Successes included producing new generations of genetically improved farmed tilapia (GIFT) in Malaysia, of the Abbassa strain tilapia in Egypt, and of rohu carp and base populations of catla and silver carp in Bangladesh.

Other notable successes included biosecurity improvements in Egypt and Bangladesh, the tracking of disease outbreak in Malaysia as a world first and the accelerated dissemination of best management practices for improved strains of tilapia across Africa and Asia.

New alliances

WorldFish is seeing evidence of new thinking, new information and new alliances emerging in the so-called “blue economy space”, it said in the report.

“However, these often lack scientific rigor and substance, creating substantial opportunities for our research to build cross-sectoral bridges for an inclusive and sustainable blue economy that is good for people and our planet,” it added.

As well as collaborating with the UN Food and Agriculture Organisation (FAO) and Duke University in the US on a major study of small-scale fisheries globally, is also shaping the global agenda for a sustainable ocean economy.

“Several of our scientists led by our Honorary Fellow Eddie Allison are part of the Expert Group developing a series of 15 thematic ‘blue papers’ for the newly established High-level Panel for a Sustainable Ocean Economy,” WorldFish said in its report.

“The panel, consisting of 13 heads of state led by Norway and supported by the UN Secretary General’s Special Envoy for the Ocean, seeks to advance a new contract between humanity and the sea that protects the ocean and optimises its value to humankind. The aim is to generate scientific evidence for developing, catalysing and supporting solutions for ocean health and wealth in policy, governance, technology and finance.”

Empowering women

In 2018, WorldFish secured a US$11.5 million investment from the Bill & Melinda Gates Foundation to generate knowledge and research evidence on the role of sustainable aquaculture for increasing incomes, diversifying diets and empowering women in Bangladesh and Nigeria. The investment brings fish into the foundation’s agriculture portfolio for the first time.

In Egypt, WorldFish launched Empowering Women Fish Retailers, a European Union-funded project that will generate research evidence for successful market-based interventions that will support 100 existing women retailers and the establishment of 50 new women-led enterprises.
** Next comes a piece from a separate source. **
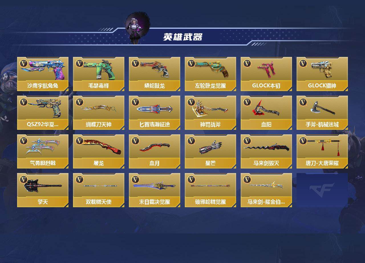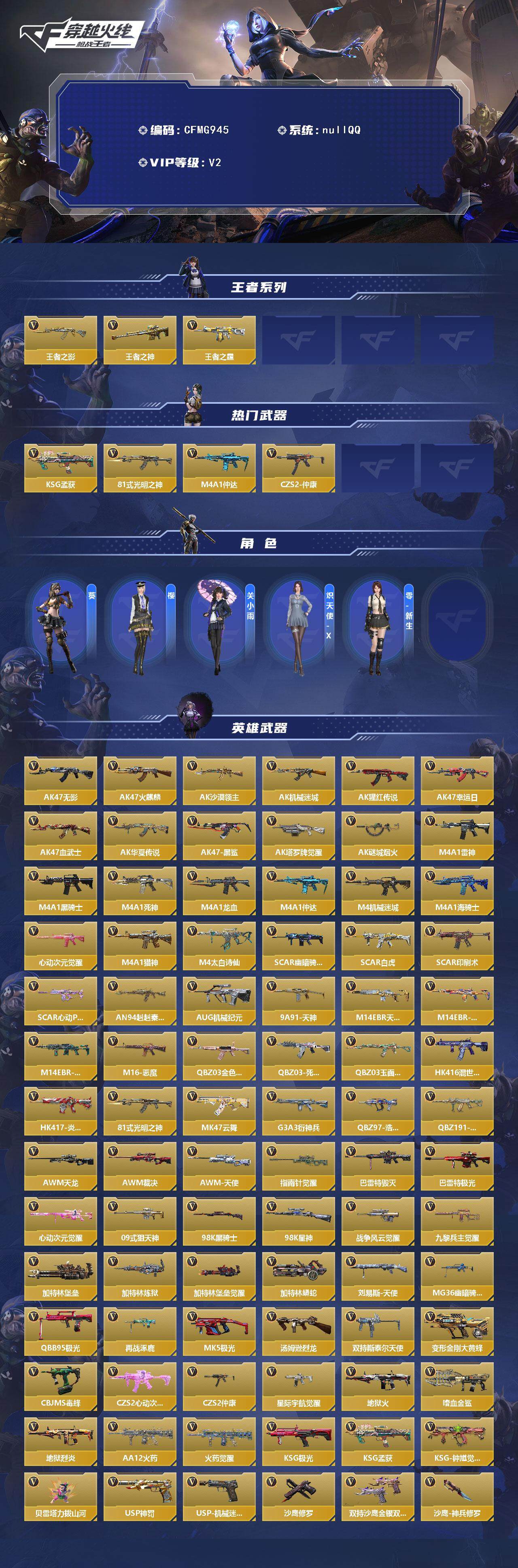 【cfmg945】vip2/171v/王者之影/王者之神/王者之霆/ksg-孟获/81式-光明之神/m4a1-仲达/czs2-仲康/葵/樱/关小雨/炽天使-x/零-新生/ak47-无影/ak47-火麒麟/ak47-沙漠领主/ak47-机械迷城/ak47-猩红传说/ak47-幸运日/ak47-血武士/ak47-华夏传说/ak47-黑鲨/ak47-塔罗牌觉醒/ak47-谜城烟火/m4a1-雷神/m4a1-黑骑士/m4a1-死神/m4a1-龙血/m4a1-机械迷城/m4a1-海骑士/m4a1-心动次元觉醒/m4a1-猎神/m4a1-太白诗仙/scar-幽暗骑士/scar light-白虎/scar-印刷术/scar-心动pick/an94-赳赳秦师/aug-机械纪元/9a91-天神/m14ebr-天神/m14ebr-拂影/m14ebr-玄武/m16-恶魔/q03-金色蔷薇/q03-死神/q03-玉面羞花/hk416-混世行者/hk417-炎龙铠甲/mk47-云舞/g3a3-衍神兵/q97-浩瀚征途/q191-封神榜/awm-天龙/awm-裁决/awm-天使/awm-指南针觉醒/芭蕾特-毁灭/芭蕾特-极光/m200-心动次元觉醒/09式狙-天神/98k-黑骑士/98k-星神/gm6-战争风云觉醒/vsk-94-九黎兵主觉醒/加特林-堡垒/加特林-炼狱/加特林-堡垒觉醒/加特林-蟒蛇/刘易斯-天使/mg36-幽暗骑士/qbb95-极光/qbb95-再战涿鹿/mk5-极光/汤姆逊-烈龙/双持斯泰尔-天使/qcw05-变形金刚·大黄蜂/cbj-ms-毒蜂/czs2-心动次元/ddm4-pdw-星际宇航觉醒/地狱火/嗜血金鲨/地狱烈炎/aa12-火药/aa12-火药觉醒/ksg-极光/ksg-钟馗觉醒/贝雷塔-力拔山河/usp-神罚/usp-机械迷城/沙鹰-修罗/双持沙鹰-金银双煞/沙鹰-神兵修罗/沙鹰-宇航兔兔/毛瑟-毒蜂/蟒蛇-鼓龙/左轮-卧龙觉醒/双持glock18-本初/glock18-猎神/qsz92-华夏传说/蝴蝶刀-天神/匕首-浩瀚征途/神罚战斧/血阳/手斧-机械迷城/气勇胆烈戟/屠龙/血月/太白诗仙扇/星芒/马来剑-毁灭/唐刀-大唐荣耀/擎天/双截棍-天使/末日裁决觉醒/破邪蛇棍觉醒/马来剑-耀金伯爵

A new project in Zambia, funded by the Norwegian Agency for Development Cooperation, is targeting small-scale commercial fish farmers and young aquaculturalists as part of national priorities to build relevant technical, practical and vocational skills for decent work, entrepreneurship and lifelong learning.

In terms of communicating knowledge, 2018 saw 626,240 downloads of WorldFish publications, 264,761 visits to the WorldFish website and 2.5 million people reached on social media.